Showing posts with label strava. Show all posts

Monday, 23 January 2017

Amazon Alexa Skill with Python and Strava API

In my last post I described how I'd followed a step-by-step guide to create a Amazon Alexa Skill for my Amazon Echo Dot.  This used Node.js and was basically an easy "join-the-dots" guide to creating your first skill and getting it certified.

Building on this I wanted to build a skill that:

  1. Uses Python - my language of choice.
  2. Calls an API (rather than just responding with pre-canned data).
  3. Teaches me more about how to configure skills to do different things.

Here's the skill in action.  I'll then describe how I made it:



To start with I used the Amazon Python "Colour Expert" skill which can be found here.  Follow this if it's your first time with an Alexa skill as it will show you how to use the Amazon Developer site and Amazon Web Services Lambda to create a skill using Python.

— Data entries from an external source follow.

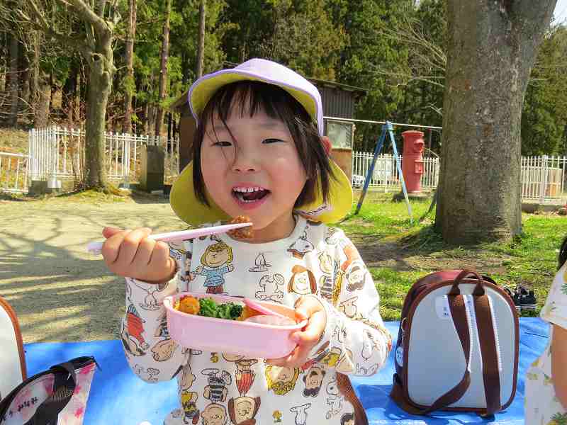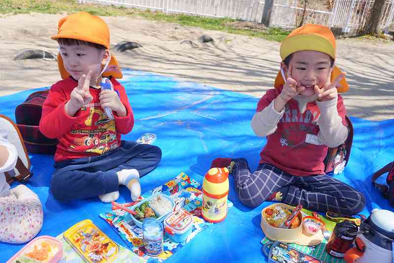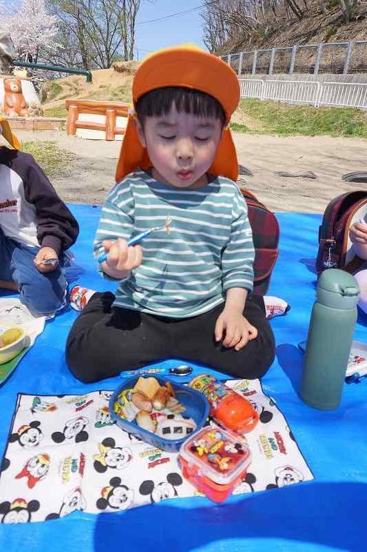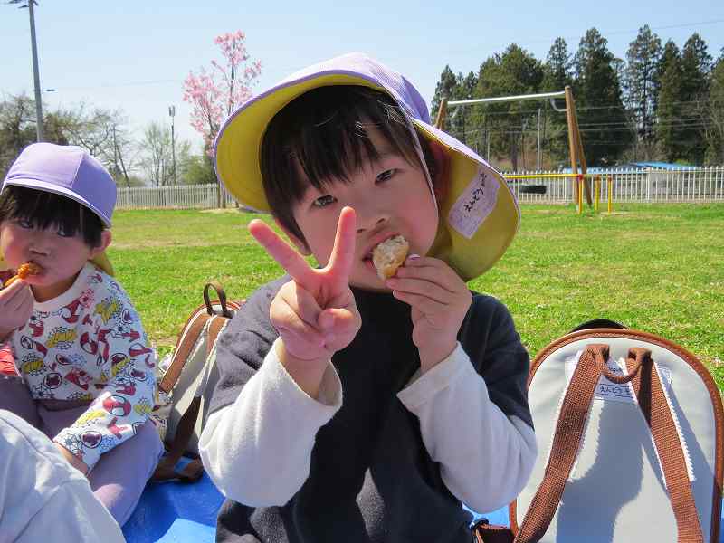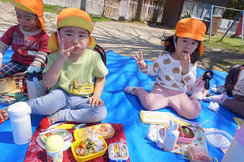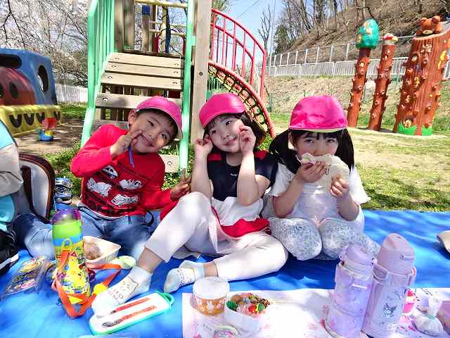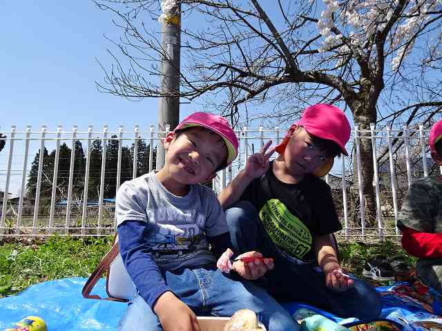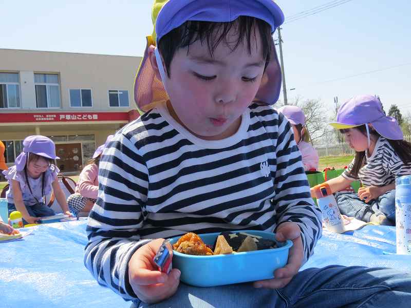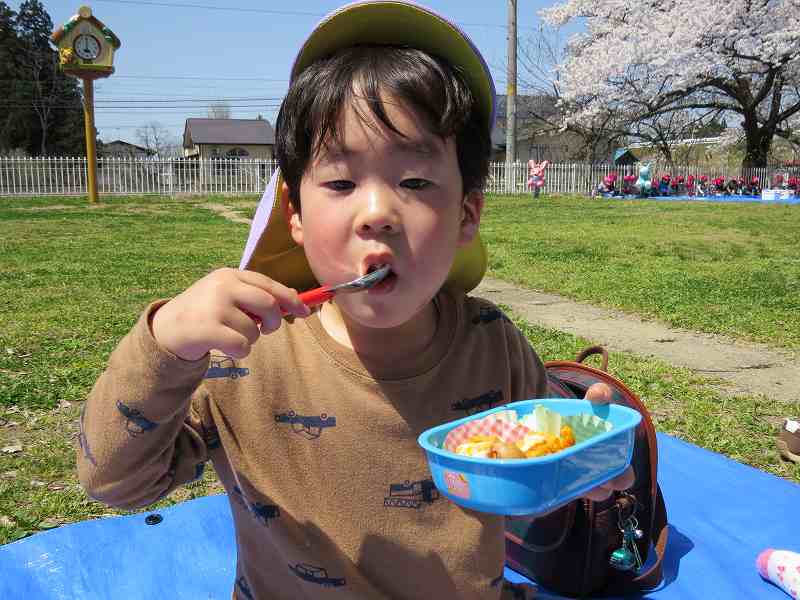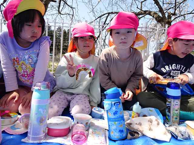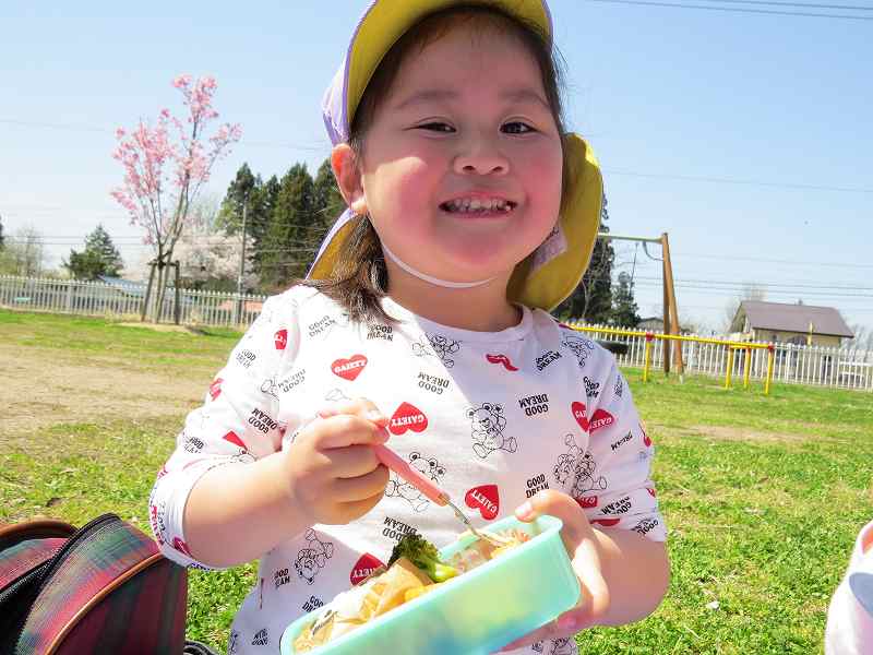 15日(月)のお弁当の日。園庭の桜がきれいな満開になったので、幼児組さんがお花見をしました。お天気も良くきれいな桜の下で会話も弾みなが美味しいお弁当をいただきました。
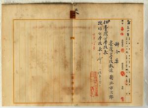 三八 花蓮港庁長中田直温ノ内申ニヨリ水尾公学校勤務台湾公学校教諭菊池市次郎ニ台湾公学校長兼任ヲ命シ拔仔公学校長ヲ命ス
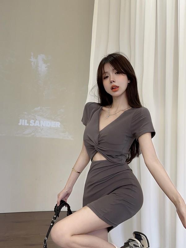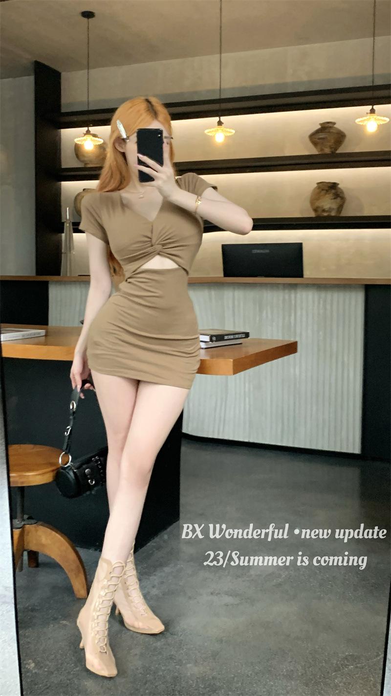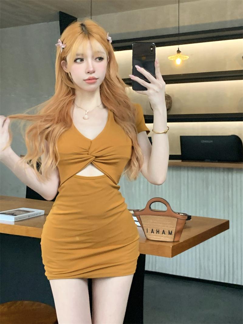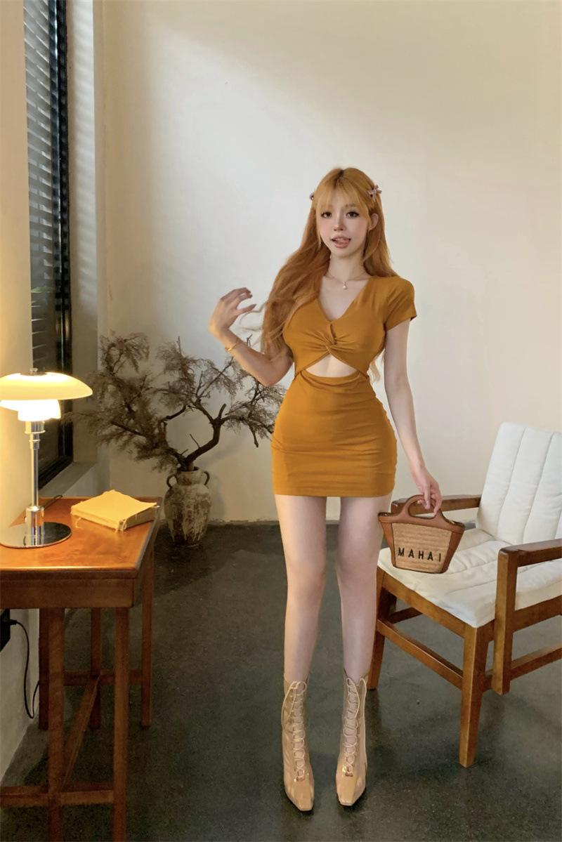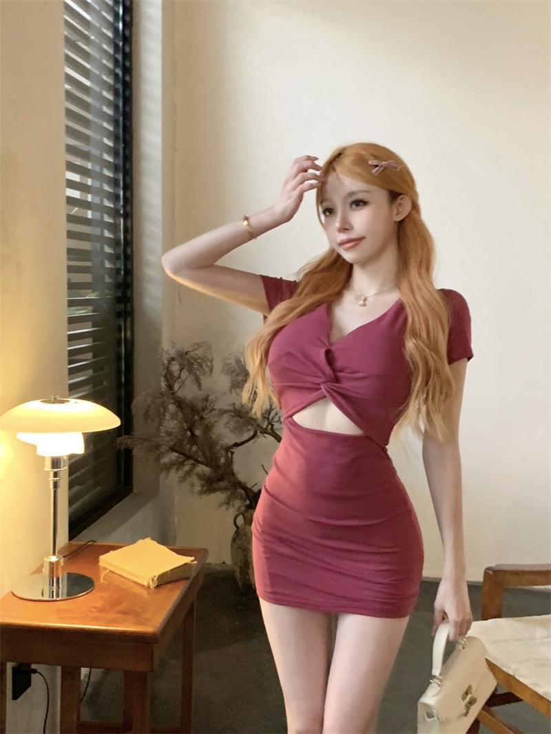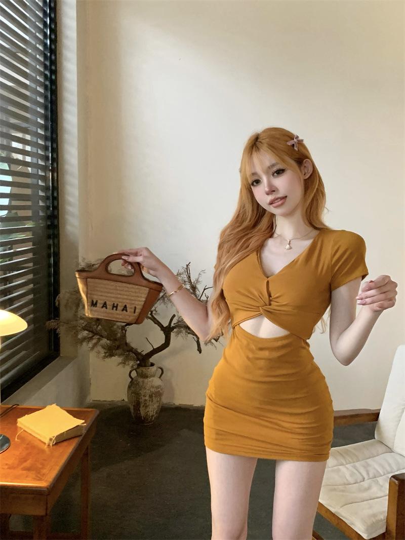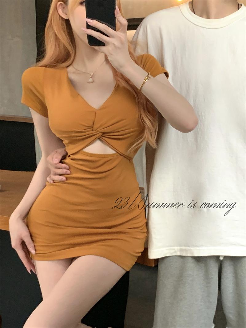 Vestido Sexy de Estilo Europeo y Americano con Cuello en V Hueco de Manga Corta para Mujer Verano Transfronterizo Petite Cuello en V Cubre Cintura Falda de Cadera
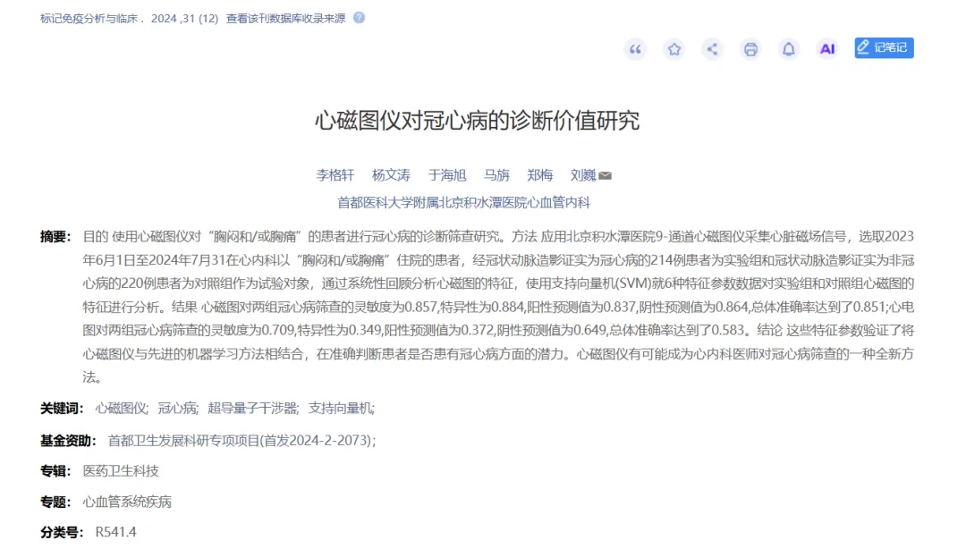 1.李格轩《心磁图仪对冠心病的诊断价值研究》-标记免疫分析与临床 . 2024 ,31 (12)
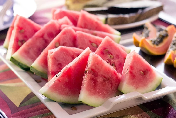 Так как ягода более чем на 90 % состоит из воды, то отлично подходит для восполнения жидкости в организме. Особенно в жару, когда с потом мы теряем много влаги и микроэлементов, вместо больших объемов напитков можно съесть несколько долек арбуза.
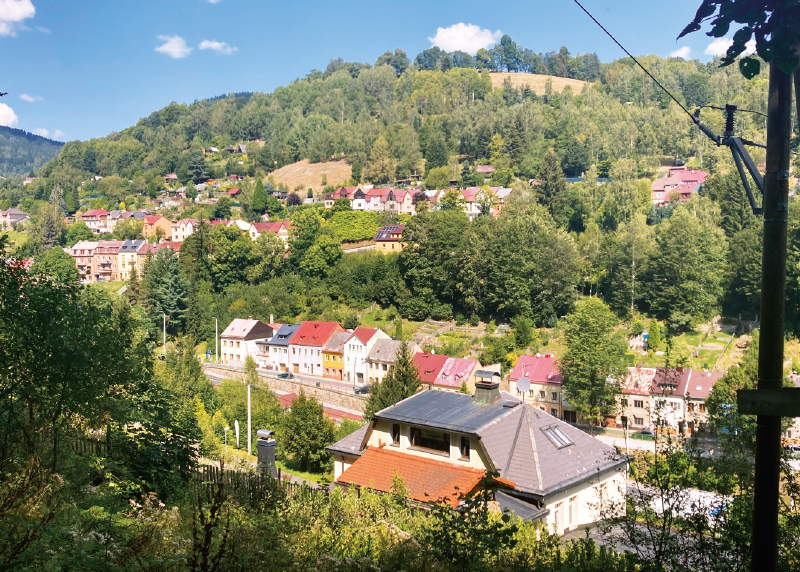 Let us return once more – and for the last time – to Jáchymov, a small town nestled in a deep, forested valley of the Ore Mountains. It lies somewhat hidden, yet in an excellent strategic location, within walking distance of Ostrov, Klínovec, and Boží Dar (in German Gottesgab; Fig. 1) – the highest town in the Czech Republic, situated right on the border crossing to Oberwiesenthal in Saxony (Fig. 2). From Boží Dar, one can also continue into Božídarské rašeliniště Nature Reserve.
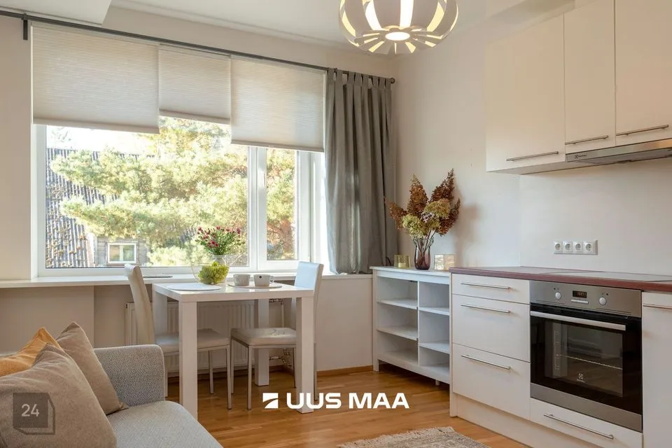 Korterisse jääb fotodel nähaolev mööbel ja köögimööbel koos integreeritud tehnikaga (pliit, ahi, õhupuhasti, külmik, pesumasin).
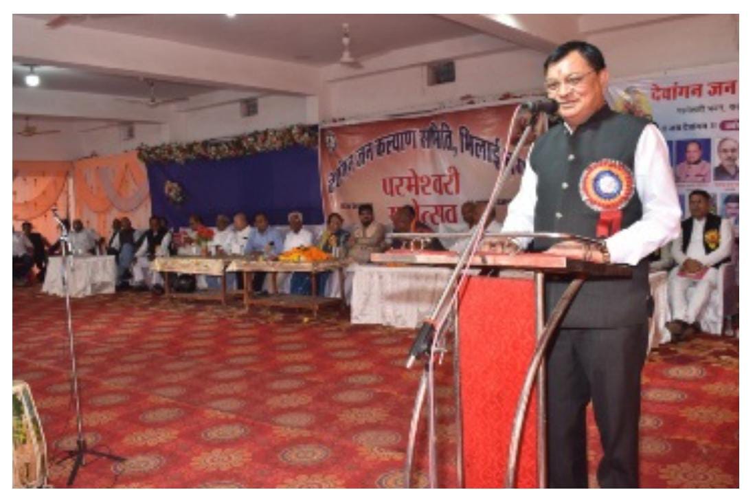 प्रदेश के अन्य पिछड़ा वर्ग विकास प्राधिकरण के उपाध्यक्ष एवं दुर्ग ग्रामीण विधायक विशिष्ट अतिथि के रूप में शामिल हुए। उन्होंने देवांगन समाज को सुलझा हुआ और जागरूक समाज बताते हुए कहा कि यह समाज लंबे समय से व्यापार, कृषि और वस्त्र निर्माण के क्षेत्र में महत्वपूर्ण योगदान देता आया है। उन्होंने कहा कि जांजगीर-चांपा क्षेत्र में कोसा व्यापार में भी देवांगन समाज की अहम भूमिका रही है। उन्होंने कहा कि कोई भी समाज तभी आगे बढ़ता है जब वह संगठित और मजबूत होकर चलता है, और इसके लिए शिक्षा अत्यंत आवश्यक है। उन्होंने चिंता व्यक्त करते हुए कहा कि आर्थिक स्थिति कमजोर होने के कारण कई बार बेटा-बेटी आगे नहीं बढ़ पाते। समाज को ऐसी व्यवस्था बनानी चाहिए जिससे आर्थिक स्थिति मजबूत हो और बच्चों को आगे बढ़ने का अवसर मिले। उन्होंने कहा कि समाज को नौकरी मांगने वाला नहीं, बल्कि नौकरी देने वाला समाज बनना चाहिए।
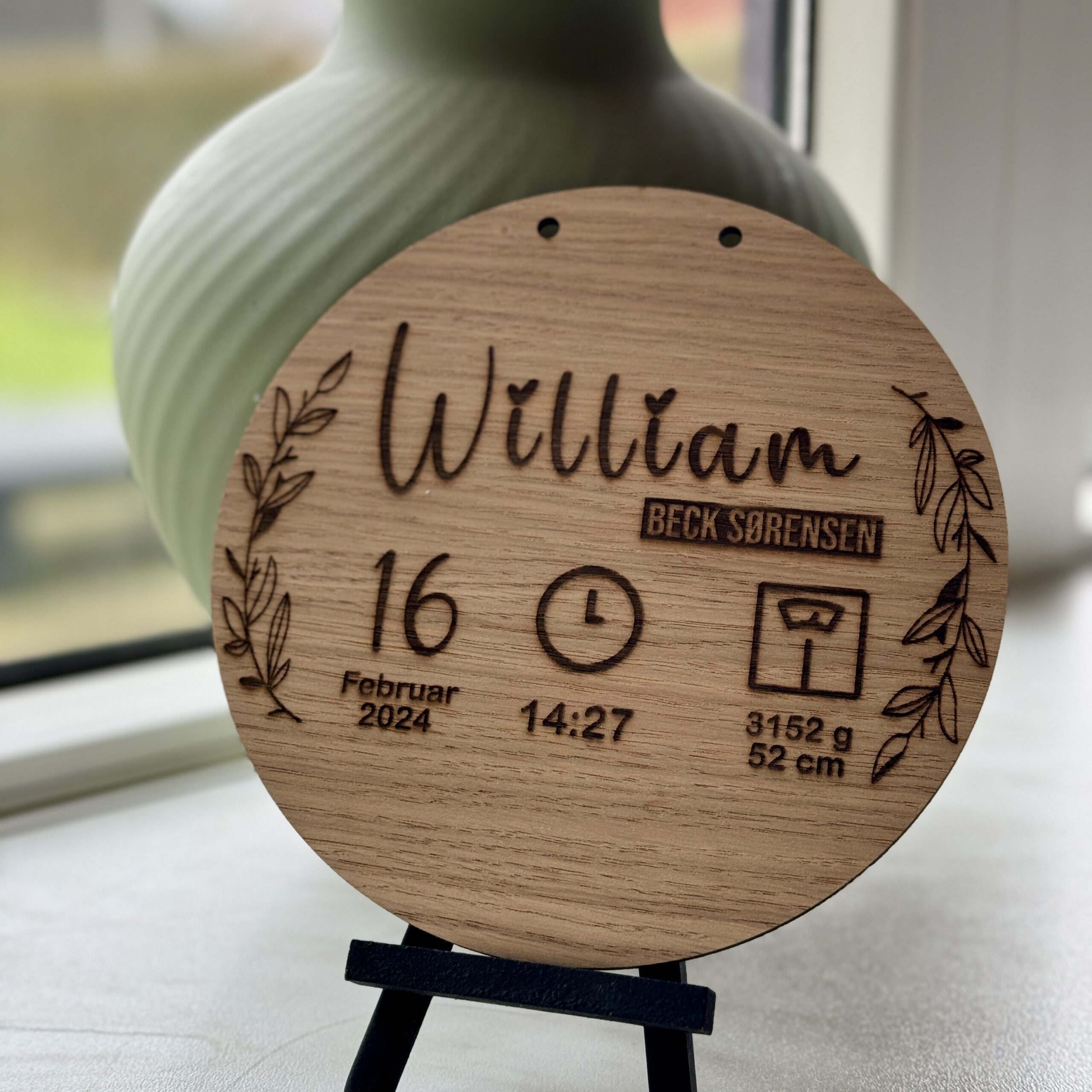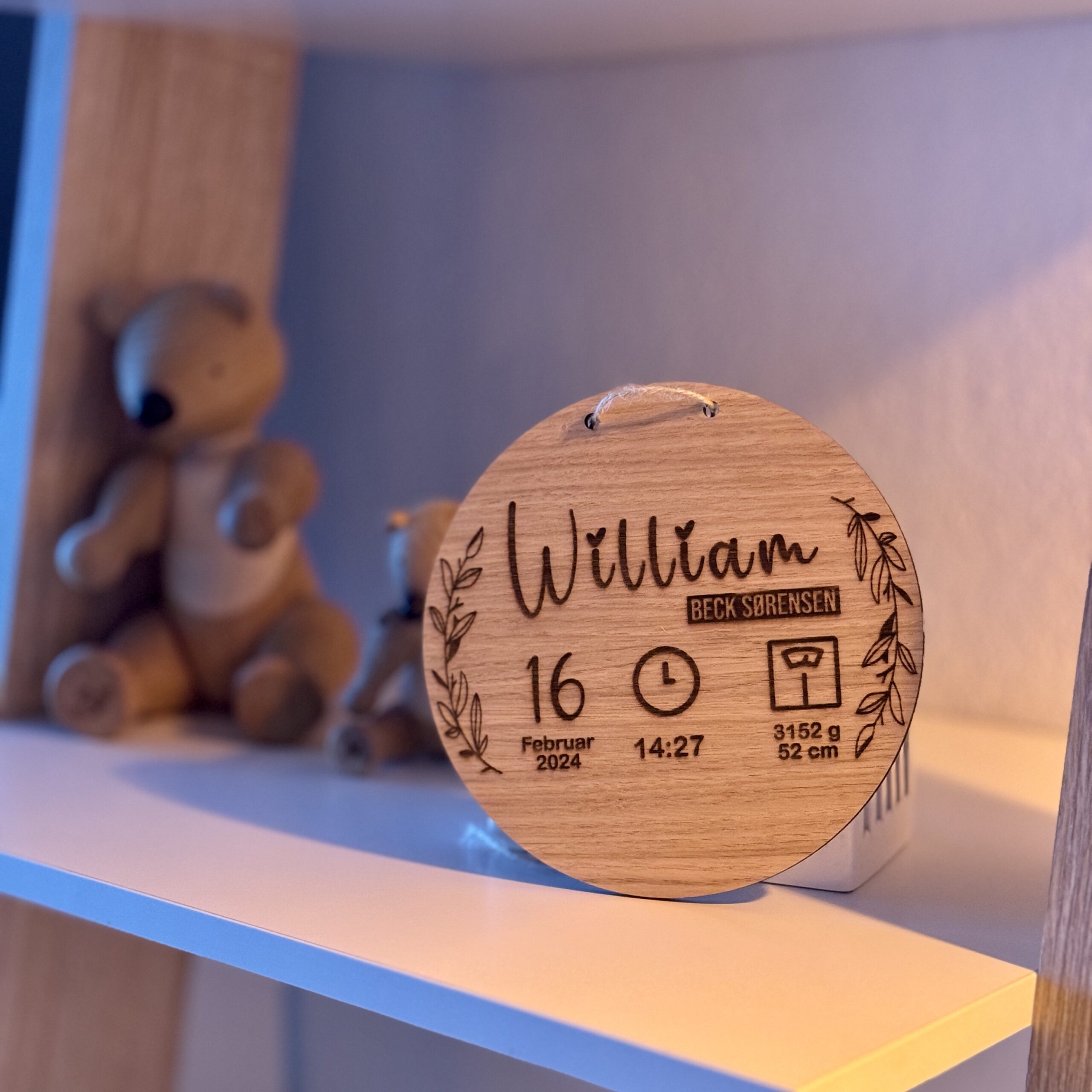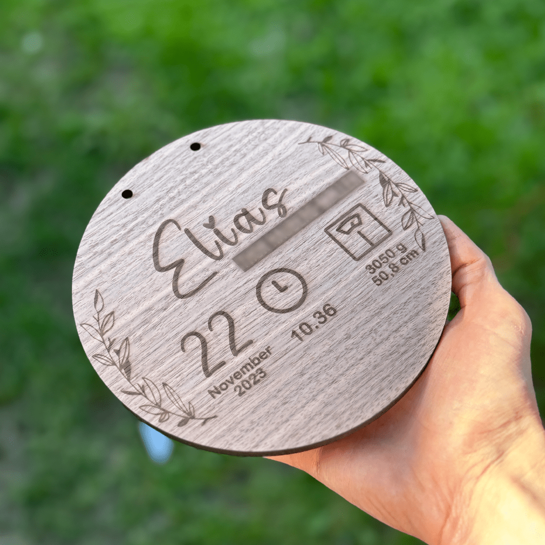 Denne skræddersyede fødselstavle tilbyder en smuk måde at fremvise de første og mest mindeværdige informationer: jeres barns navn, vægt, længde samt fødselsdato og tid. Hver detalje graveres med præcision for at skabe et varigt minde, der kan udstilles stolt i ethvert hjørne af hjemmet.

My idea was to modify this skill to fetch and read out data from my Strava (exercise logging) account.  I've previously blogged on using the Strava API in posts like this and this.

To modify the Colour Expert skill I initially did the following on the Amazon Developer site on the "Skill Information" tab:

  • Name = "Sports Geek Stuff".  This is just what you'd see on the Alexa smartphone app if you published the skill.
  • Invocation name = "sports geek".  This is what say to Alexa to specify you're using a particular skill.  So you'd start by saying "Alexa, ask sports geek" then subsequent words define what you want the skill to do.

I then added extra configuration on the "Interaction Model" tab to define how I should interact with the skill to get the Strava data.

The "Intent Schema" basically creates a structure that maps things you say to Alexa to the associated functions that you run in the AWS Lambda Python script (more on this below).  I added the following to the bottom of the Intent Schema.

    {
      "intent": "StravaStatsIntent"
    } 

I then defined an utterance (so basically a thing you say) that links to this intent.  The utterance was:

StravaStatsIntent for strava stats

...which basically means, when you say "Alexa, ask sports geek for strava stats" then Alexa calls the associated Python script in AWS Lambda with the parameter "StravaStatsIntent" to define what function to call.

Apart from ace voice to text translation, there's very little intelligence here.  You could configure:

StravaStatsIntent for a badger's sticker collection

...or even...

StravaStatsIntent for brexit means brexit

...and these crazy sayings would still result in the StravaStatsIntent being selected.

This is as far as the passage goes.